Credit Card Lawsuits: You May Be Able to Fight and Win

Sometimes it is worthwhile to put up a fight when you're being sued on a credit card or mortgage loan deficiency. The truth is, many times, the lender does not have the evidence available to prove the case, or does not have the means to get the proof admitted into evidence -- a crucial step to win a judgment for the debt against the borrower.

J.P. Morgan Chase & Co. tacitly admitted this recently when it voluntarily dismissed more than a thousand of its credit card lawsuits across the country. The company won't admit WHY it took this step which was reported in last week's Wall Street Journal.

It has been coming to light in the courts, however, that, just like the "robo-signers" that surfaced with the foreclosure mess, credit card lawsuit affidavits of the debt allegedly owed have been signed by employees who are not personally-familiar with the company records and have not verified the debt.

Rather than risk public disclosure and embarrassment, speculation is that the company decided to withdraw the cases until the documentation could be fixed.

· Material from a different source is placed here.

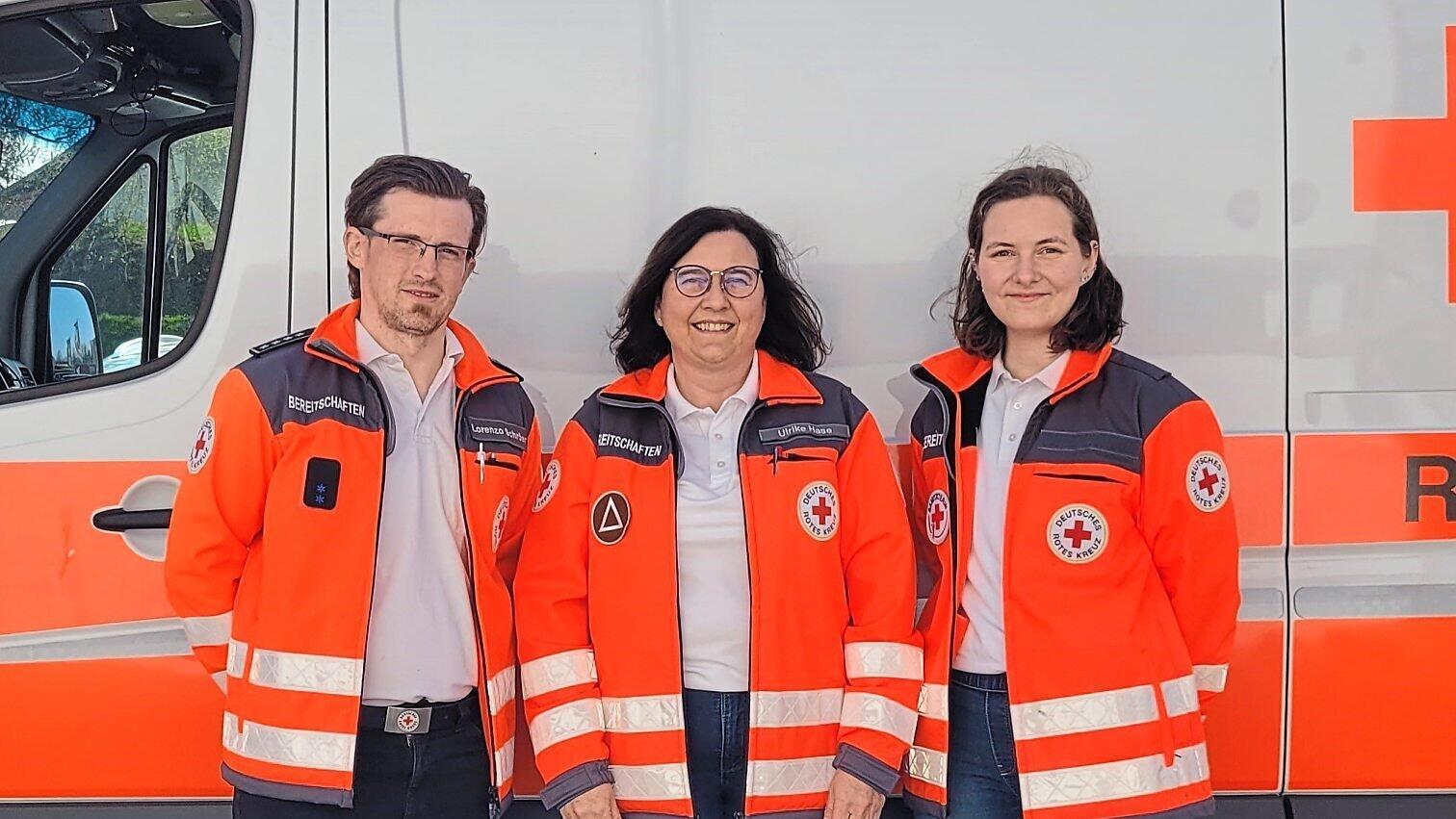 Packen in Zukunft gemeinsam an (v. l.): der örtliche BRK-Bereitschaftsleiter Lorenzo Schröer, die stellvertretende Fachdienstverantwortliche Ulrike Hase und Kassiererin Stefanie Schmid.

For the poor soul facing a lawsuit, it is important to know that the collection "model" used by the credit card companies is based largely on the fact that very few debtors respond to the suit. In fact, about 94% of suits end up in "default judgments" because there is no response by the defendant.

To defend, you may have to have some knowledge of the law. This attorney frequently sees unrepresented debtors showing up in court and responding in this typical fashion to the judge's query as to whether they owe the debt: "I cannot afford to pay." By responding this way, the debtor has implicitly admitted the debt is owed, hence, the judge will issue judgment, and not being able to pay is not a valid legal defense to establishing the liability.

The debtor will have to, in good faith, contest the liability and ask for trial. Some understanding of the rules of evidence and "discovery" are helpful to know what proof the lender will have bring forward, how the debtor can ask for it, and what the lender's attorney will need to establish to get it admitted into the record.

It's not foolproof, but sometimes worthwhile, particularly when the debtor cannot simply declare bankruptcy, maybe because he has property which cannot be protected and which he would lose, or other personal reasons.

This law office specializing in financial matters in DC, VA and MD has successfully defended creditor lawsuits and settled others. One current case involves a suit for $185,000 for a second mortgage that was left over from a foreclosure on the client's home. Today, we got a letter from the lender who has brought his settlement offer down to $30,000 -- not a bad discount.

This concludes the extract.